Every line of the listing is returned unchanged, and every picture is dropped.

Raw data -
⟨

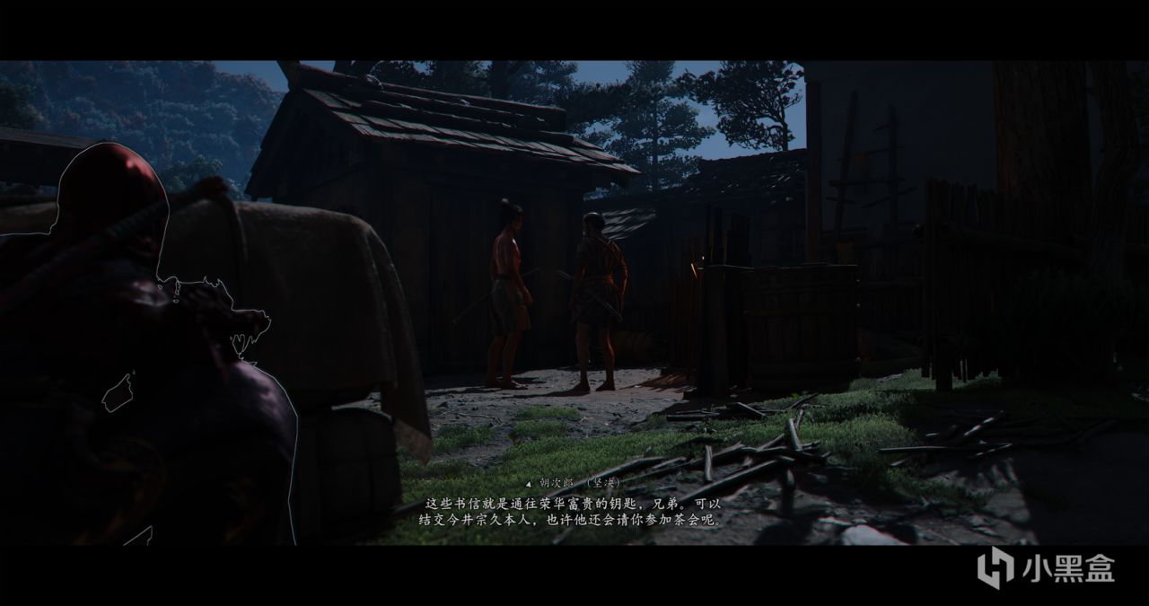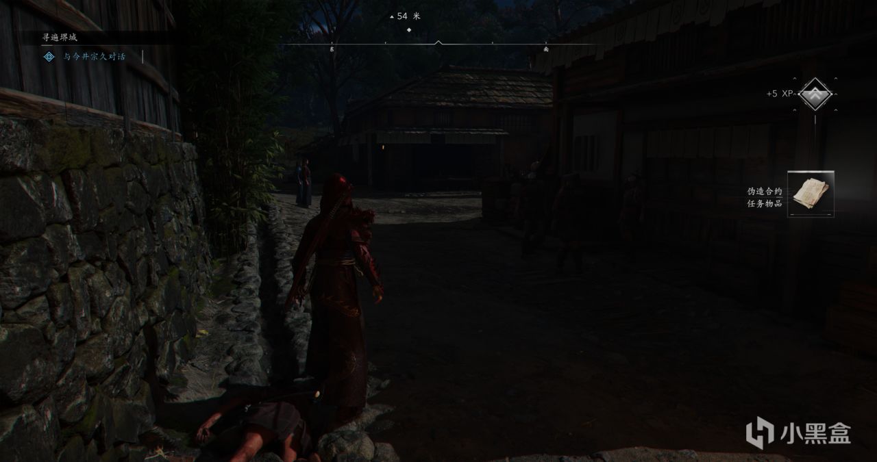 婆婆赠予我们武士刀,同时见到了百地三太夫,我们继续做回忆任务,需要匍匐潜行,拐角处遇到了一个武士,在将死之际,我们捡起地上的刀杀了男武士,这也是我们第一次杀人。
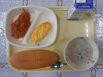 【給食メニュー】コッペパン、牛乳、オムレツ、スラッピージョー、きのこの豆腐スープです。スラッピージョーはひき肉と玉ねぎをよく炒め、ケチャップとソースで味付けをしたもので、パンに挟んだり、麺にかけたりして食べるそうです。とても味が濃厚でパンに挟んで美味しくいただきました。ごちそうさまでした。
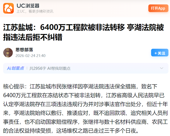 江苏盐城:6400万工程款被非法转移 亭湖法院被指违法后拒不纠错
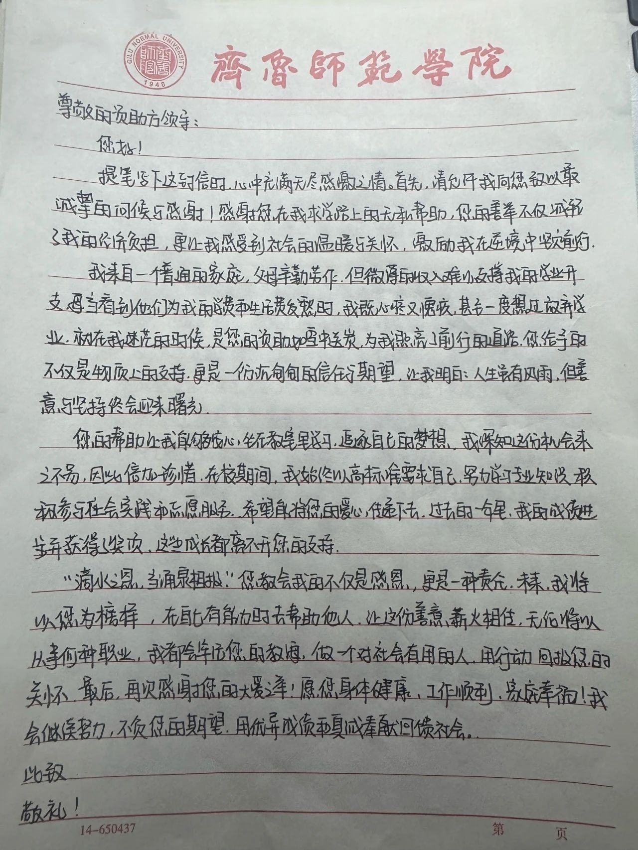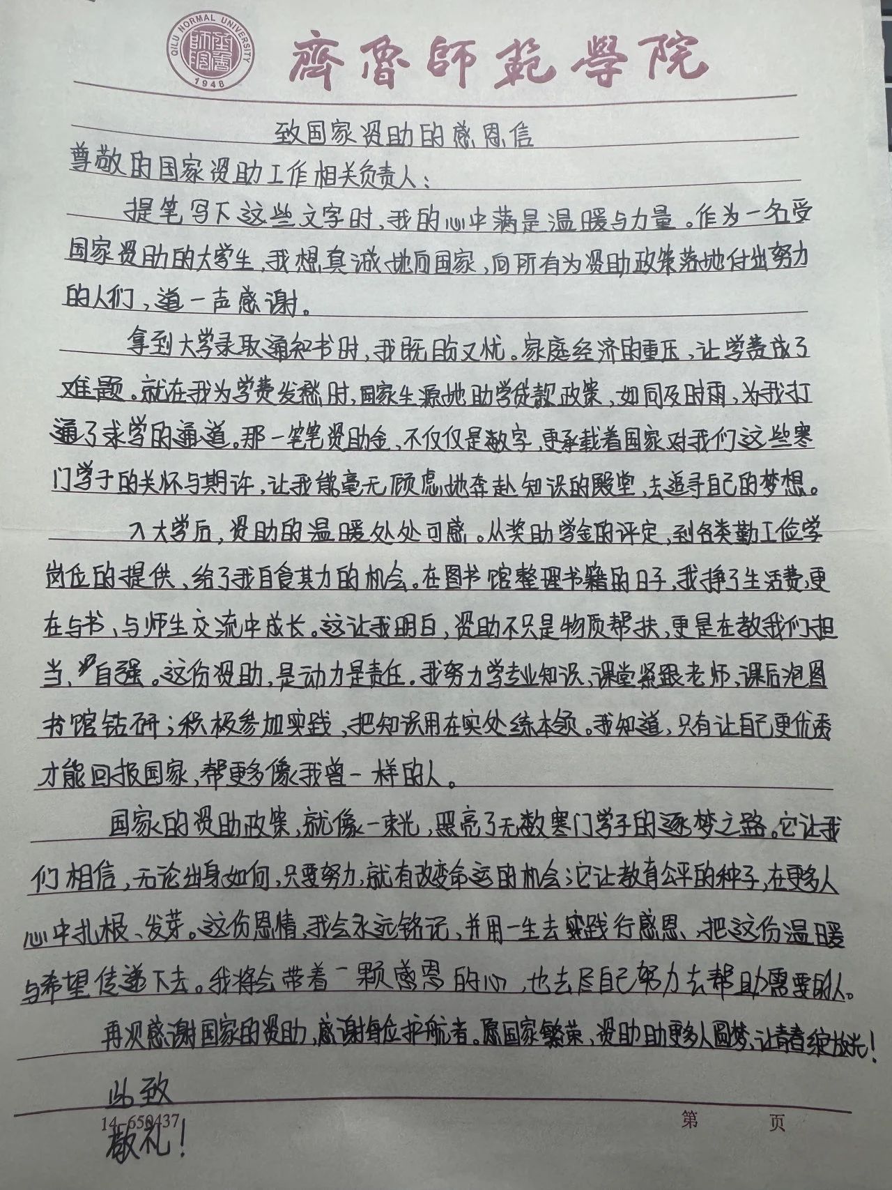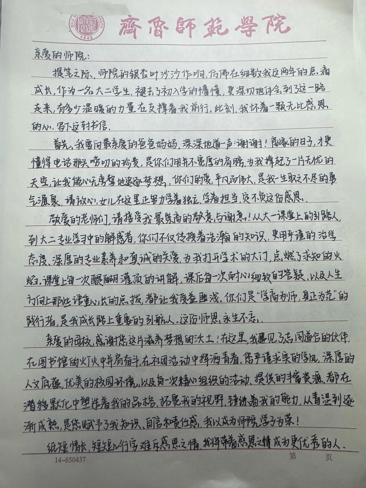 本次活动以 “感恩” 为锚点,号召学生以书信为舟,向父母、师长、学校及社会各界倾诉拳拳谢意。活动启动后,迅速在全院激起共鸣,同学们纷纷执笔,将感恩之情凝于笔端,落于纸面。字里行间,是对父母养育之恩的深情告白:“您鬓角悄然染上的霜花,是岁月镌刻的爱的勋章”;是对师长教诲之恩的诚挚谢意:“您每一次的鼓励,都如星芒点亮我逐梦的方向”;更是受助学生对国家资助政策、社会爱心人士的肺腑感恩:“是你们的善意,赋予我奔赴梦想的底气”。学生们以细腻笔触回溯成长,用质朴文字传递感恩温度,让一封封书信,成为情感流淌的载体,织就温暖的网。

⟩

Task output -
 婆婆赠予我们武士刀,同时见到了百地三太夫,我们继续做回忆任务,需要匍匐潜行,拐角处遇到了一个武士,在将死之际,我们捡起地上的刀杀了男武士,这也是我们第一次杀人。
 【給食メニュー】コッペパン、牛乳、オムレツ、スラッピージョー、きのこの豆腐スープです。スラッピージョーはひき肉と玉ねぎをよく炒め、ケチャップとソースで味付けをしたもので、パンに挟んだり、麺にかけたりして食べるそうです。とても味が濃厚でパンに挟んで美味しくいただきました。ごちそうさまでした。
 江苏盐城:6400万工程款被非法转移 亭湖法院被指违法后拒不纠错
 本次活动以 “感恩” 为锚点,号召学生以书信为舟,向父母、师长、学校及社会各界倾诉拳拳谢意。活动启动后,迅速在全院激起共鸣,同学们纷纷执笔,将感恩之情凝于笔端,落于纸面。字里行间,是对父母养育之恩的深情告白:“您鬓角悄然染上的霜花,是岁月镌刻的爱的勋章”;是对师长教诲之恩的诚挚谢意:“您每一次的鼓励,都如星芒点亮我逐梦的方向”;更是受助学生对国家资助政策、社会爱心人士的肺腑感恩:“是你们的善意,赋予我奔赴梦想的底气”。学生们以细腻笔触回溯成长,用质朴文字传递感恩温度,让一封封书信,成为情感流淌的载体,织就温暖的网。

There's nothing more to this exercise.